# Tray Mountain Regulations?



## rubicon_in_ga (Oct 13, 2014)

Are hunting regulations in the Tray Mountain Wilderness (not part of Swallow Creek WMA) the same as the regs for the Chattahoochee Nat'l Forest in general, or are they any different? I can't find anything in the regs book about it.  Just wanna be legal!  

Thanks!


----------



## ArticSnake (Oct 13, 2014)

I think trey mtn is national forest. Very nice ride through there this time of yr. Rough but nice.


----------



## pnome (Oct 13, 2014)

Outside the WMAs it's all just national forest regs.  No special hunting regulations for the wilderness areas. The wilderness area restricts motorized equipment.   Including chainsaws, generators, etc...  

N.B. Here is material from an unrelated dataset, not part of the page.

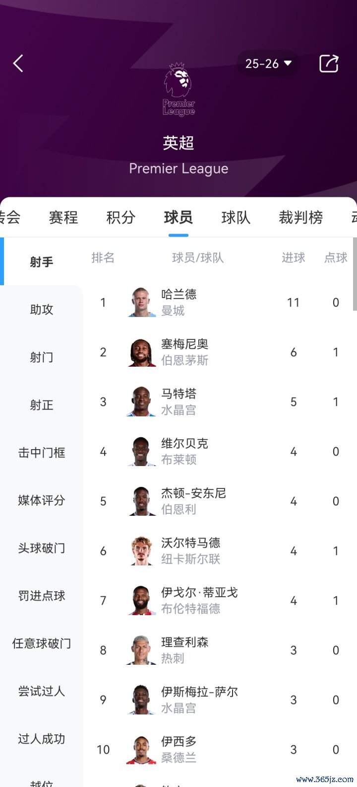 10月19日讯 英超第8轮部分比赛放置,最新的英超弓手榜:哈兰德11球领跑,本轮比赛打进2球完了联赛进球数上双;塞梅尼奥6球第2,马特塔凭借本轮联赛的帽子戏法进球来到5个,在弓手榜上位居第3名。维尔贝克、杰顿-安东尼、沃尔特马德、伊戈尔-蒂亚戈均打进4球,比肩第4。

It will have signs on the border that look like this:


----------



## rubicon_in_ga (Oct 15, 2014)

ArticSnake, I absolutely love the Chimney Mountain Road side of FS79.  You're right, can be very rough, but that's what makes it fun!  I read about the motorized equipment rule, so no issues there, but I wasn't sure if the hunting rules were different.  Thanks guys!


----------



## ArticSnake (Oct 17, 2014)

rubicon_in_ga said:


> ArticSnake, I absolutely love the Chimney Mountain Road side of FS79.  You're right, can be very rough, but that's what makes it fun!  I read about the motorized equipment rule, so no issues there, but I wasn't sure if the hunting rules were different.  Thanks guys!



I haven't been over there this yr yet. The wife and I go riding about every sunday just to ride and get back in the mtns, but its hunting season now so the riding has slowed some lol.


----------



## rubicon_in_ga (Oct 18, 2014)

I went up over Labor Day weekend this year, and there were some twisty spots and a few deep puddles, but going slow wasn't bad at all.  I still wouldn't ride it without a vehicle with high ground clearance, like a full size truck/suv or Jeep, but definitely didn't need to break out the winch, like I have in years past.   I think I'm gonna try hiking to the top of Chimney Mountain and see if I can find those rock cairns that I've read are up top.  According to Sherpa Guides, there's supposed to be a trail that leads to the top of the ridge somewhere near the waterfall/creek crossing, and loops back following the ridgeline to the summit of Chimney, but I haven't looked for it before.


----------



## Benjamin1977 (Oct 28, 2014)

you can call and talk to game warden office to make sure of regulations.


----------